Our solution is to involve interactive theorem provers (specifically, Isabelle/HOL): we encode the rules of logic in software, eliminating human error. But can it work? What about the effort needed to convince the software of "mathematically obvious" facts? Can we encompass the immense world of mathematics within the rigid framework of a formal logic? How do we manage—and search—the huge libraries of mathematics already codified? And these libraries are still incomplete.

We—mathematicians and computer scientists working together—addressed these issues through several parallel approaches. One was to consolidate and extend the Isabelle/HOL libraries for analysis, algebra, etc. Another was to do pilot studies in the formalisation of a wide variety of mathematical topics, concerning infinite series, quantum computing, number theory and much more, including recent results. Yet another focused on verified techniques for doing algebraic computations, such as root isolation.

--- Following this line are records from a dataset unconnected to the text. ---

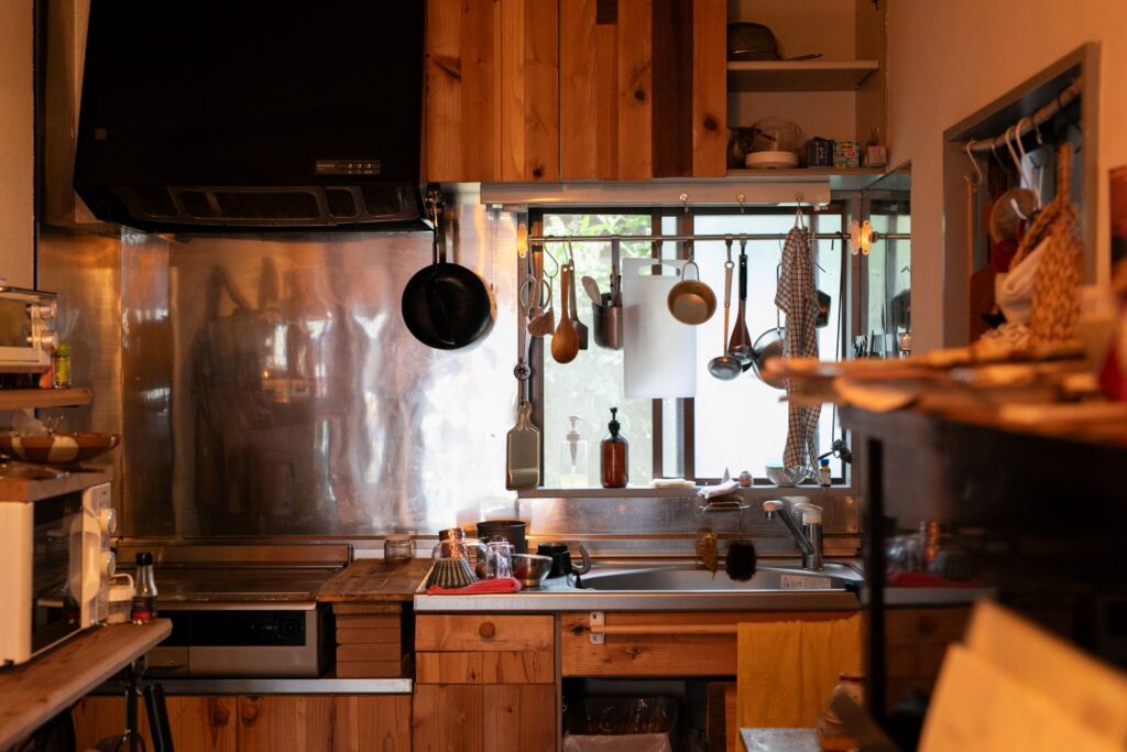 1階には共用のキッチンとお風呂を完備。冷蔵庫や電子レンジ、調理器具、お皿なども揃っており自由に利用することが可能です。ボディソープやシャンプーは浴室内に設置してありますが、タオル、歯ブラシ、ブラシ、パジャマなど個人的に使用するものは持参を。
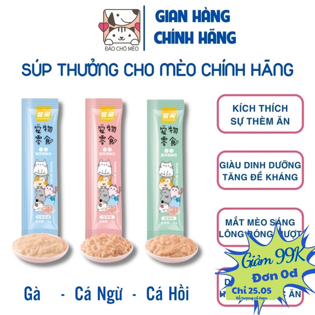 Giới thiệu [Mã SKAMLTSM9 giảm 10% đơn 99K] Súp thưởng cho mèo cún siêu rẻ siêu ngon bổ 3 vị cá hồi, cá ngừ và thịt gà - Đảo Chó Mèo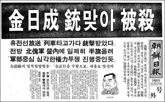 1986년 11월 16일 조선일보에 김일성이 피격․사망했다는 보도가 등장했다. 이후 보도는 경쟁적으로 등장했다. "북괴 김일성이 14일쯤 북괴의 反김세력에 의해 피습, 사망한 것이 확실시 된다", "김정일도 부상을 당했거나 사태를 통제할 만한 위치에 있지 않은 것으로 관측된다", "16일 오후 판문점의 북괴선전마을에 조기가 게양됐다"…. 하지만 11월 20일자 신문은 살아있는 김일성 앞에서 일제히 오보를 인정해야 했다. 언론은 오보책임을 "북괴의 작태"로 돌리며 민망함을 피했다. 당시 오보는 일본과 미국 정보당국에서 비롯된 착각을 조선일보가 그대로 받아쓴 결과 일어난 것으로 알려졌다. 조선일보는 김일성 사망을 제일 먼저 단정적으로 보도한 반면, 중앙일보는 '김일성 피살설'이라 보도하며 종합일간지 중 유일하게 오보를 면한 것으로 전해지고 있다.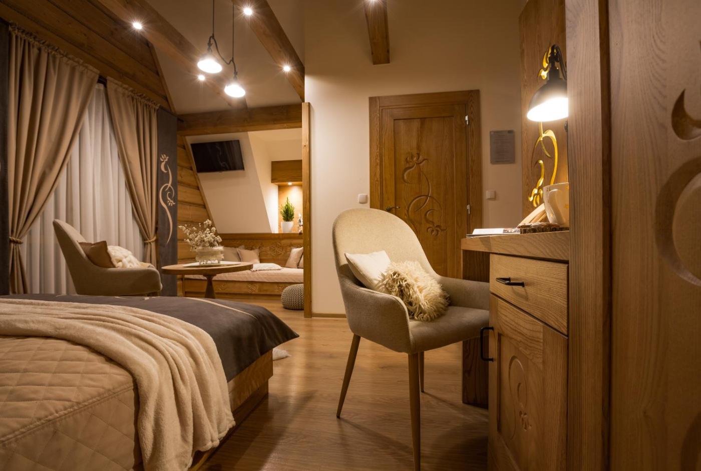 Pokój typu Deluxe z widokiem na góry. The double room offers a private entrance, a wardrobe, a balcony with mountain views as well as a private bathroom boasting a walk-in shower. The unit has 2 beds. Pokój Dwuosobowy - 2 osobowy. Powierzchnia pokoju ok.: 16 mkw. ;
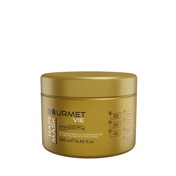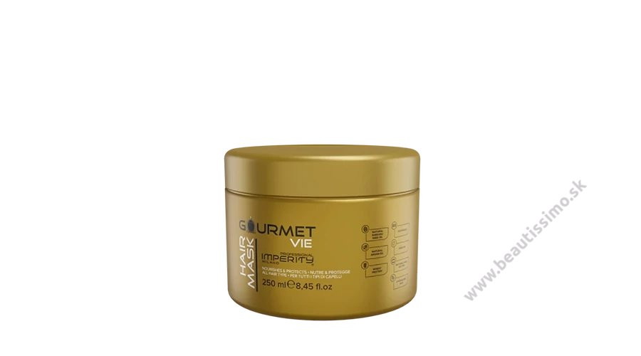 Gourmet maska na vlasy bez parabénov s vôňou parfumu La Vie Est Belle 250 ml je vhodná pre všetky typy vlasov. Obsahuje hodvábny proteín a bambucké maslo, ktoré zlepšujú pružnosť a hydratáciu vlasov. Keratín, arganový olej a olej z palmových jadier dodávajú vlasom hodvábny lesk, objem, zdravý vzhľad a nádhernú parfumovanú vôňu.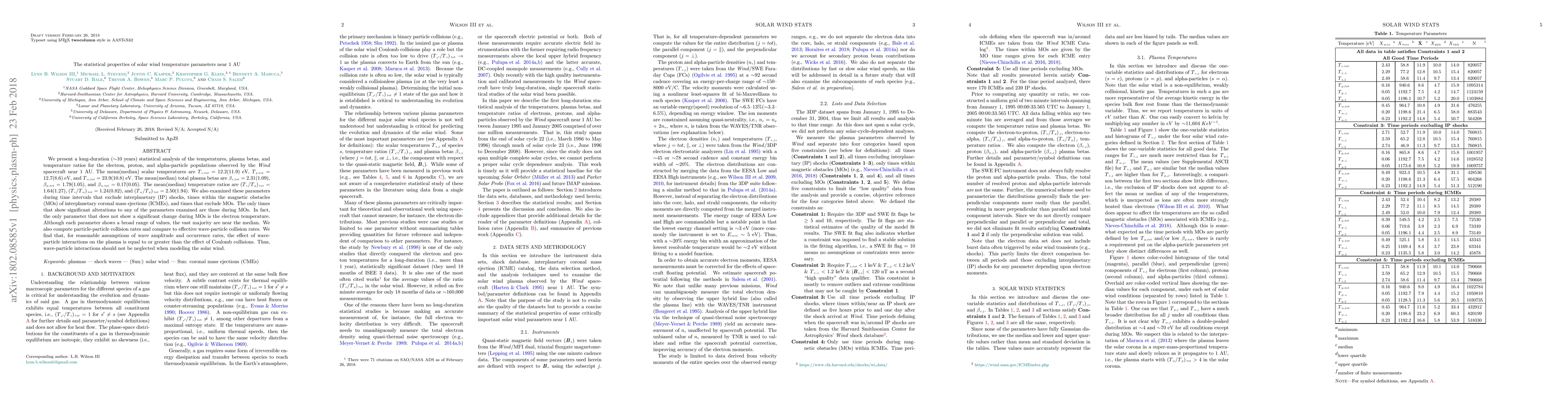 A 10-year study of solar wind temperatures, plasma betas, and ratios found that temperatures varied significantly near 1 AU, but mostly stayed around the median values, with magnetic obstacles causing changes in some parameters.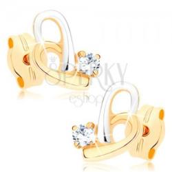 Fülbevaló 9K aranyból kétszínű vonalból egyenetlen szív alakban. Az alsó részben egy csillogó, átlátszó, kerek cirkónia helyezkedik el négy karommal. A fülbevaló felülete ródiummal kezelt, miközben sima és fényes. Biztonságos viselését stekker biztosítja. A fülbevaló méretei: 5 x 8 mmA fülbevaló súlya: 0,5 gFémjelzéssel ellátott. Az ár egy párra vonatkozik. A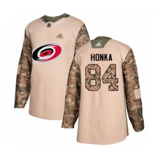 >Men's Carolina Hurricanes #84 Anttoni Honka Authentic Camo Veterans Day Practice Hockey Jersey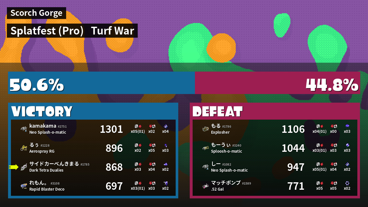| Mode | Turf War - Splatfest (Pro) | ||

ALEXANDRIA aimed to create a proof environment and methodology useful to working mathematicians, utilising the best technology available across computer science and focused on the management and use of large-scale mathematical knowledge, both theorems and algorithms. The project objectives included

• The formalisation of core mathematical knowledge
• Codification of core mathematical algorithms, including proofs of their correctness
• Tools for searching and applying this knowledge, based on AI and language models
• Linking this knowledge to the mathematics literature

By the end we discovered that we could indeed make it work, in every study we tried. Our software of choice, Isabelle/HOL, allowed us to write proofs that were formal yet human readable, and with reasonable effort.
At the start, the two mathematicians on the team selected small topics to formalise. This allowed them to familiarise themselves with the advantages and limitations of Isabelle/HOL and to plan their next steps. They formalised results on advanced mathematical topics, including quantum computation and irrationality and transcendence criteria for infinite series. We found several errors in mathematics papers.

We worked heavily on consolidating and reorganising our libraries and formalised mathematics, producing a user manual identifying the the main topics in the Analysis library's 150K proof lines and 95 formal theories. Substantial amounts of new material was added to the libraries, covering advanced analysis and algebra: many tens of thousands of lines of formal proofs.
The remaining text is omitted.